"""
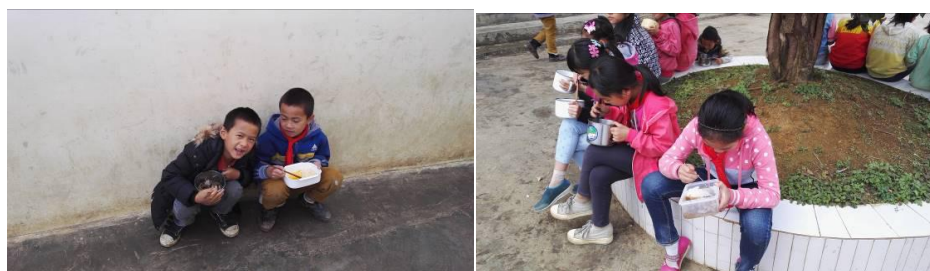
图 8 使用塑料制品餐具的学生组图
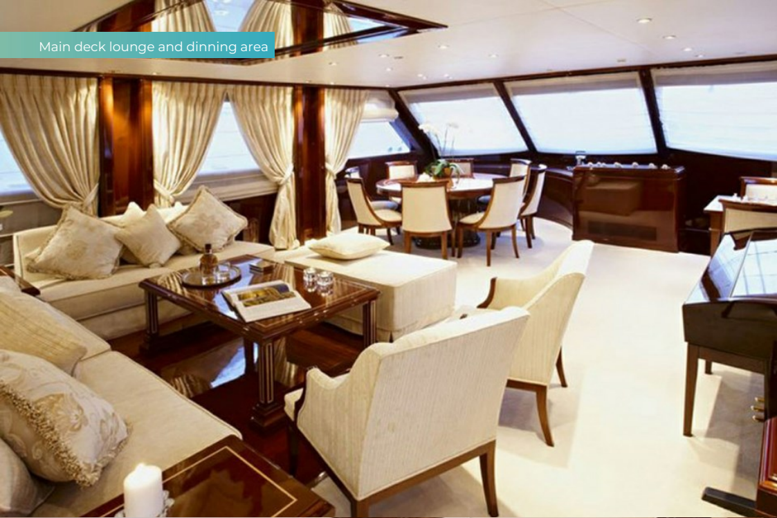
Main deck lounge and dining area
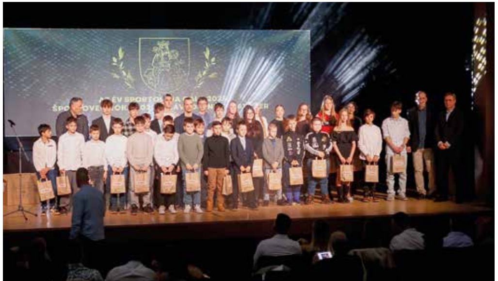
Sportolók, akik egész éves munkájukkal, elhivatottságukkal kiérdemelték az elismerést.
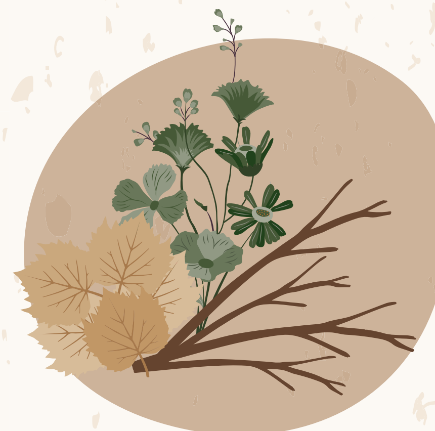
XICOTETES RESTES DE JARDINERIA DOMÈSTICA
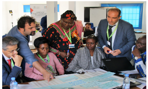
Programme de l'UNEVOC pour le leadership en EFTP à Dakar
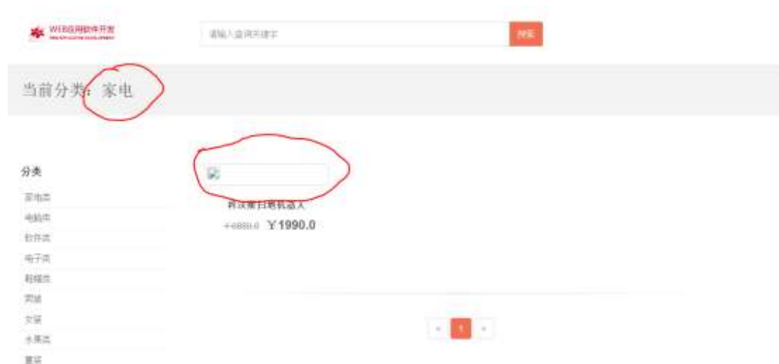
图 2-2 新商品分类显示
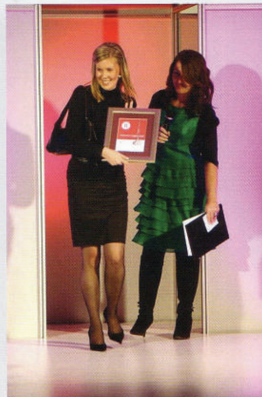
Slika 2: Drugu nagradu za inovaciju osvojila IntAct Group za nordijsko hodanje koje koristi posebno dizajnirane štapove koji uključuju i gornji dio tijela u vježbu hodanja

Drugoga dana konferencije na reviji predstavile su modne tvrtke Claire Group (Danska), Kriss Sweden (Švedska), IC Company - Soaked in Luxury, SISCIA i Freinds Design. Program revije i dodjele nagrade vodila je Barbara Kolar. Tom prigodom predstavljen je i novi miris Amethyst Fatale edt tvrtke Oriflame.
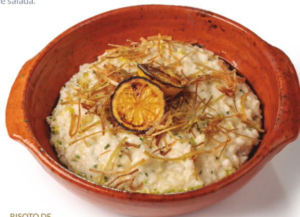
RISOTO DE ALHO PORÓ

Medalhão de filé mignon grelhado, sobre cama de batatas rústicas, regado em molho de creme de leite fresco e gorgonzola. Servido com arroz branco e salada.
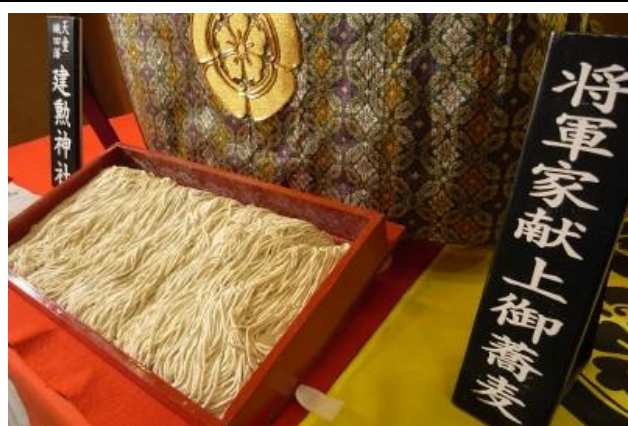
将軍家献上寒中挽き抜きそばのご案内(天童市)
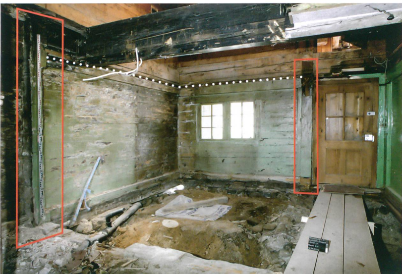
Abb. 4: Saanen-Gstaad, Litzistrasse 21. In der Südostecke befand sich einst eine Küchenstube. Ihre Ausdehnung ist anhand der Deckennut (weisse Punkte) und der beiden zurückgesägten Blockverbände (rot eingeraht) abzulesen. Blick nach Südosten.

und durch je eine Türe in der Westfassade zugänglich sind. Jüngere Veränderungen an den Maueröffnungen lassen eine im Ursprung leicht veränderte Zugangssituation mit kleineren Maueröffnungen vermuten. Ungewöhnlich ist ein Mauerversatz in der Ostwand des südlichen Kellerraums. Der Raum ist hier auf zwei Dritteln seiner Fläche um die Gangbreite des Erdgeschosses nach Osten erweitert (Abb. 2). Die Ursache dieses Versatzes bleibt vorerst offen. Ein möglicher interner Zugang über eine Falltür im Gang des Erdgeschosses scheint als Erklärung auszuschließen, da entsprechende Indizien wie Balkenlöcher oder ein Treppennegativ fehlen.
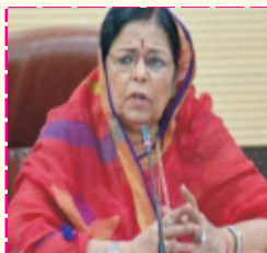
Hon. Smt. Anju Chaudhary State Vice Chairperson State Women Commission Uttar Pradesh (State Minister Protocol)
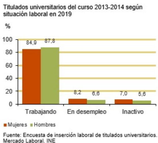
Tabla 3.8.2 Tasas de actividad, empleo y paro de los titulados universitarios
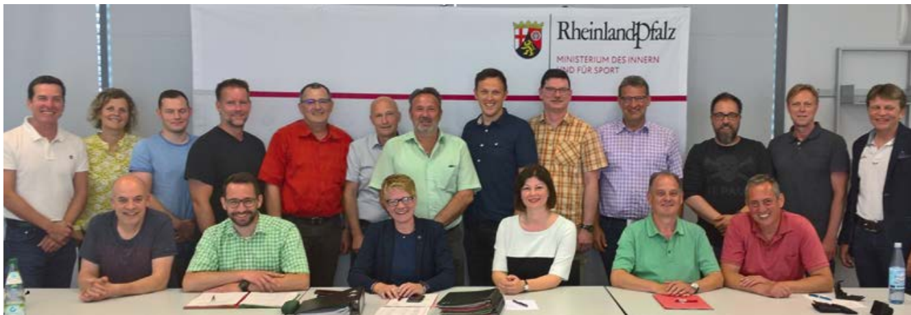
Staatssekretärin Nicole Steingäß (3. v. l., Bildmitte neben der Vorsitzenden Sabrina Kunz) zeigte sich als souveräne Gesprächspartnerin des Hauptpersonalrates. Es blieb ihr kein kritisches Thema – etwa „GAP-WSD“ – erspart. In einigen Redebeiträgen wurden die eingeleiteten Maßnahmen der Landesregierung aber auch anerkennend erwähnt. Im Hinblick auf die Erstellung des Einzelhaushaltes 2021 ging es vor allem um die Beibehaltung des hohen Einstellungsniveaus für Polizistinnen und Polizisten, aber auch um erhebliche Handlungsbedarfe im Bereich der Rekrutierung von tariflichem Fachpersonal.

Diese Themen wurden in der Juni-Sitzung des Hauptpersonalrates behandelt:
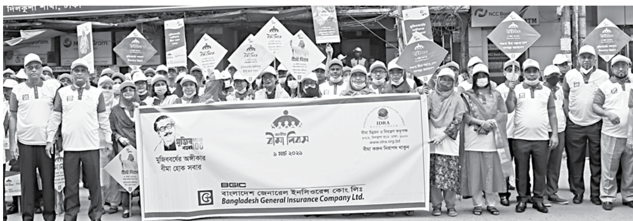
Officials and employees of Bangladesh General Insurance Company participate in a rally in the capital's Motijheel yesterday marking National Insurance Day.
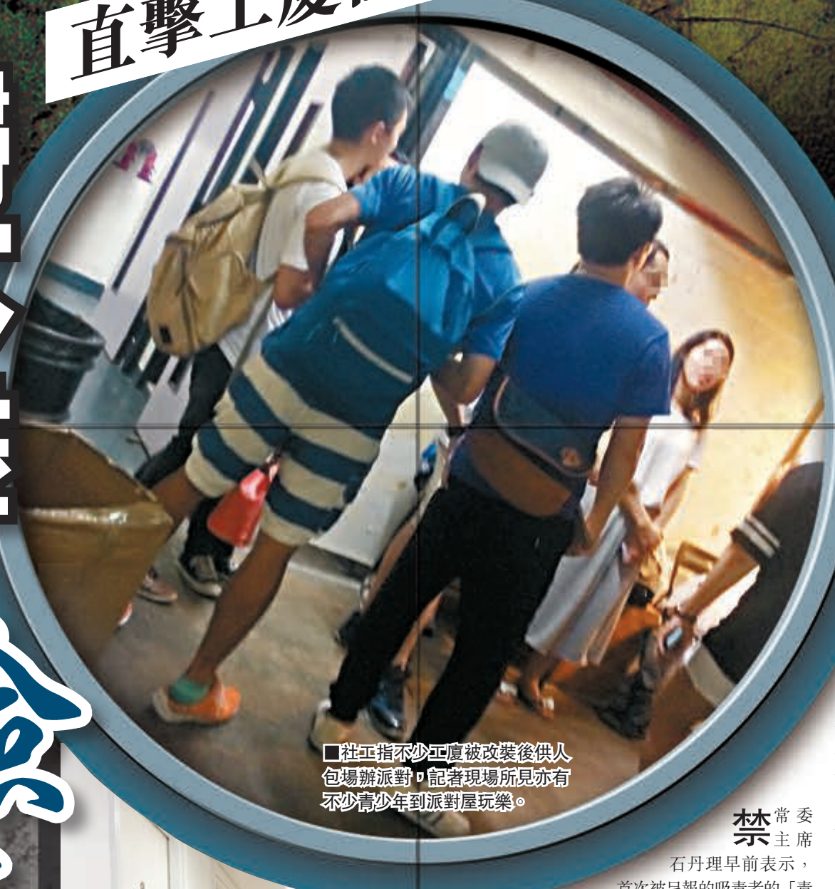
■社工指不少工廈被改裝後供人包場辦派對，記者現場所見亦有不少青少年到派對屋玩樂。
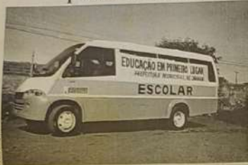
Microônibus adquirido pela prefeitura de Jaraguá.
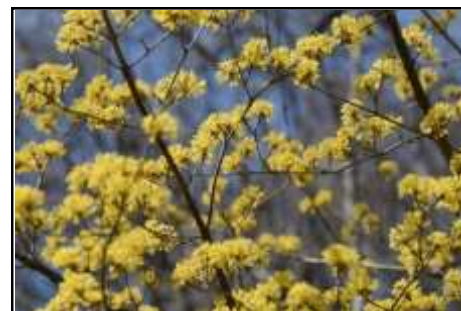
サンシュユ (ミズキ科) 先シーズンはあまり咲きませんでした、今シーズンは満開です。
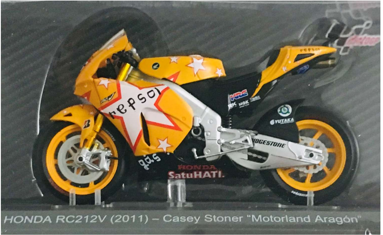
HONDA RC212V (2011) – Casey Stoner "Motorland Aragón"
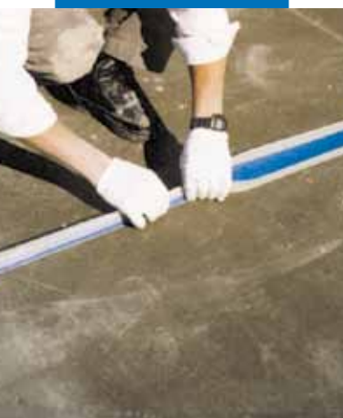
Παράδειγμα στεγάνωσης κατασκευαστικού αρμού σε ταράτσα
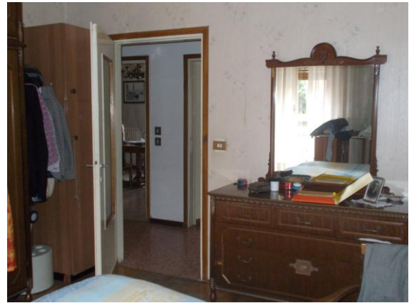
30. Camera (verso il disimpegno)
"""
Problem requirements: With the line that has "Staatssekretärin Nicole Steingäß" as the first and the line that has "Diese Themen wurden" as the last, repeat exactly that run of lines above and no more.

Response box:
Staatssekretärin Nicole Steingäß (3. v. l., Bildmitte neben der Vorsitzenden Sabrina Kunz) zeigte sich als souveräne Gesprächspartnerin des Hauptpersonalrates. Es blieb ihr kein kritisches Thema – etwa „GAP-WSD“ – erspart. In einigen Redebeiträgen wurden die eingeleiteten Maßnahmen der Landesregierung aber auch anerkennend erwähnt. Im Hinblick auf die Erstellung des Einzelhaushaltes 2021 ging es vor allem um die Beibehaltung des hohen Einstellungsniveaus für Polizistinnen und Polizisten, aber auch um erhebliche Handlungsbedarfe im Bereich der Rekrutierung von tariflichem Fachpersonal.

Diese Themen wurden in der Juni-Sitzung des Hauptpersonalrates behandelt:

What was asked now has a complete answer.